- How to complete this task: Drop every image, then reproduce the data exactly as given.

- Task material:
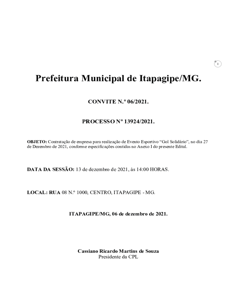 1Prefeitura Municipal de Itapagipe/MG. CONVICTED N. 06/2021. PROCESS N 13924/2021.OBJECT: Contralto DE empress para realized DE Event Sportive Go Solidi, now did 27 de December de 2021, conform specifies
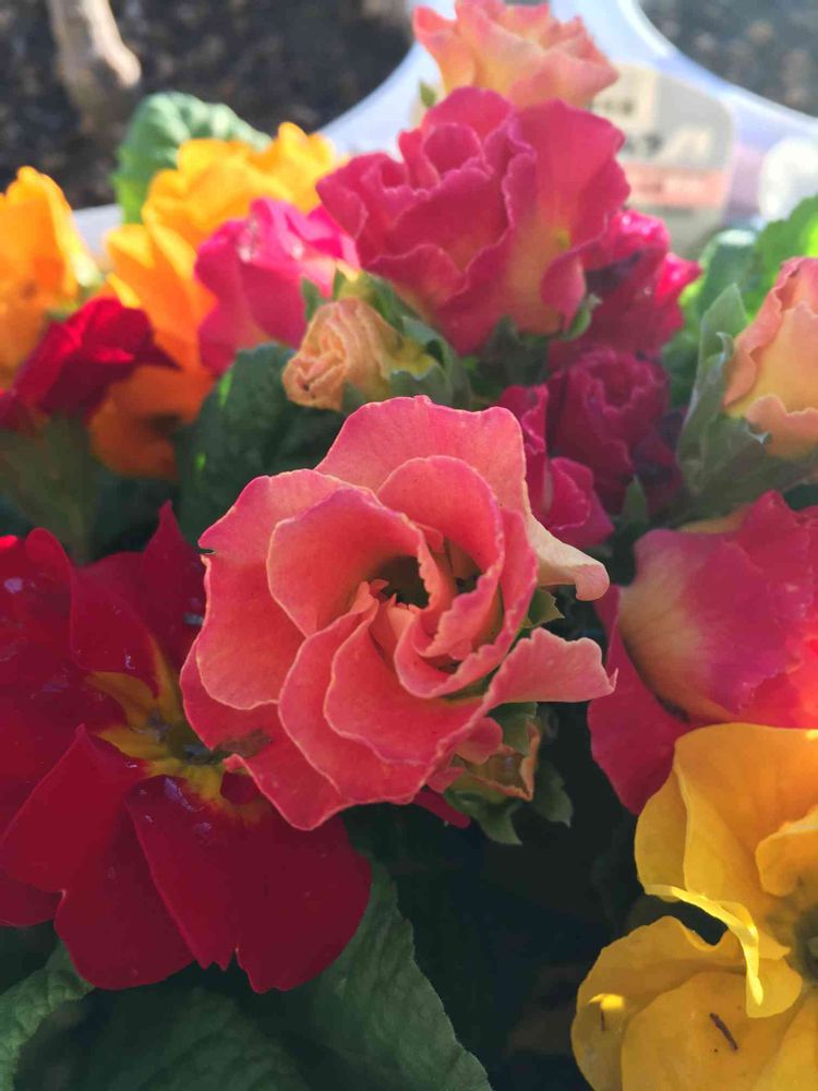 バラ🌹咲きプリムラを中心に、プリムラさんだけで寄せ植えに🤗
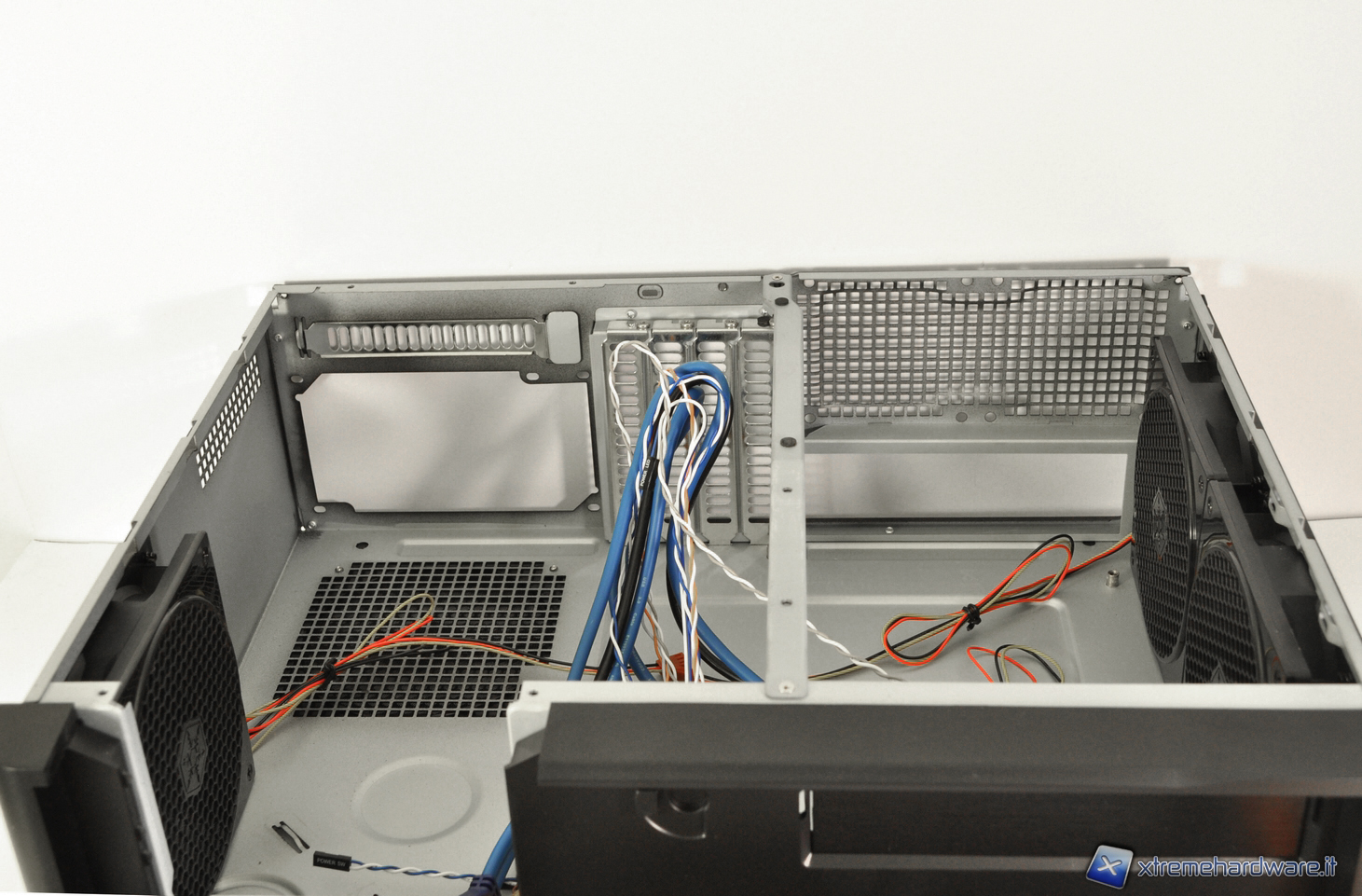 Nella parte posteriore della staffa è presente un divisorio in gomma disegnato per convogliare il flusso d’aria verso le ventole poste sul pannello superiore. Quest’ultimo è dotato di flap che possono essere rimossi per creare ulteriore spazio per facilitare il passaggio dei cavi.
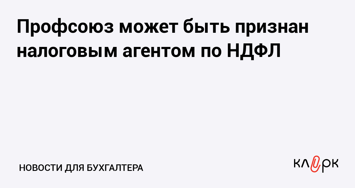 Профсоюз может быть признан налоговым агентом по НДФЛ
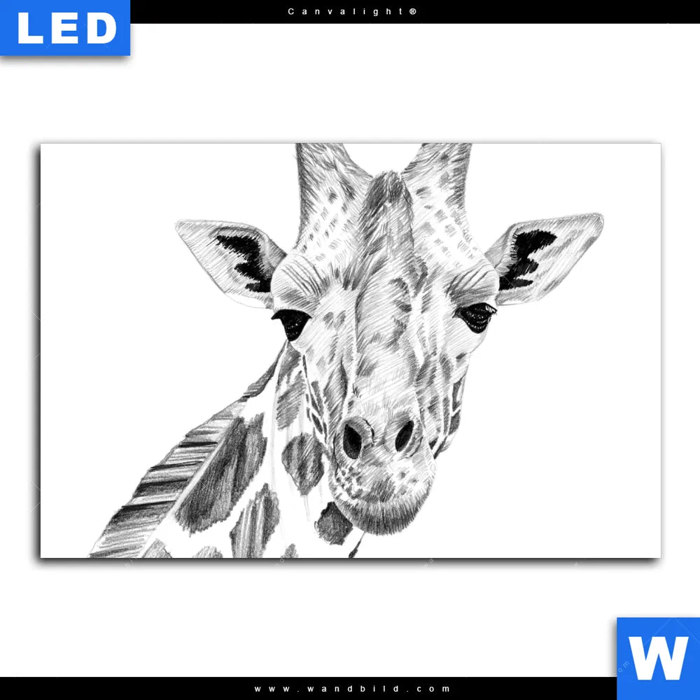 Canvalight® Leuchtbild | Bleistiftzeichnung Giraffe | Querformat
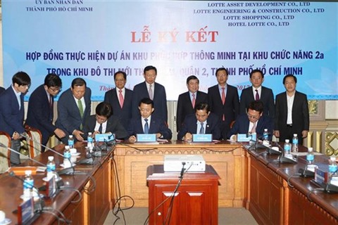 Il a salué le fait que Lotte avait choisi Hô Chi Minh-Ville pour mettre en œuvre plusieurs grands projets dont la construction de la ville éco-intelligente. Il a aussi souligné des engagements forts en matière d'investissement de Lotte à travers la signature d'un pacte de location de terrains pour la ville éco-intelligente dans la zone urbaine de Thu Thiêm, d'une valeur de 2.000 milliards de dôngs (88 millions de dollars).

- Answer for this exercise:
 1Prefeitura Municipal de Itapagipe/MG. CONVICTED N. 06/2021. PROCESS N 13924/2021.OBJECT: Contralto DE empress para realized DE Event Sportive Go Solidi, now did 27 de December de 2021, conform specifies
 バラ🌹咲きプリムラを中心に、プリムラさんだけで寄せ植えに🤗
 Nella parte posteriore della staffa è presente un divisorio in gomma disegnato per convogliare il flusso d’aria verso le ventole poste sul pannello superiore. Quest’ultimo è dotato di flap che possono essere rimossi per creare ulteriore spazio per facilitare il passaggio dei cavi.
 Профсоюз может быть признан налоговым агентом по НДФЛ
 Canvalight® Leuchtbild | Bleistiftzeichnung Giraffe | Querformat
 Il a salué le fait que Lotte avait choisi Hô Chi Minh-Ville pour mettre en œuvre plusieurs grands projets dont la construction de la ville éco-intelligente. Il a aussi souligné des engagements forts en matière d'investissement de Lotte à travers la signature d'un pacte de location de terrains pour la ville éco-intelligente dans la zone urbaine de Thu Thiêm, d'une valeur de 2.000 milliards de dôngs (88 millions de dollars).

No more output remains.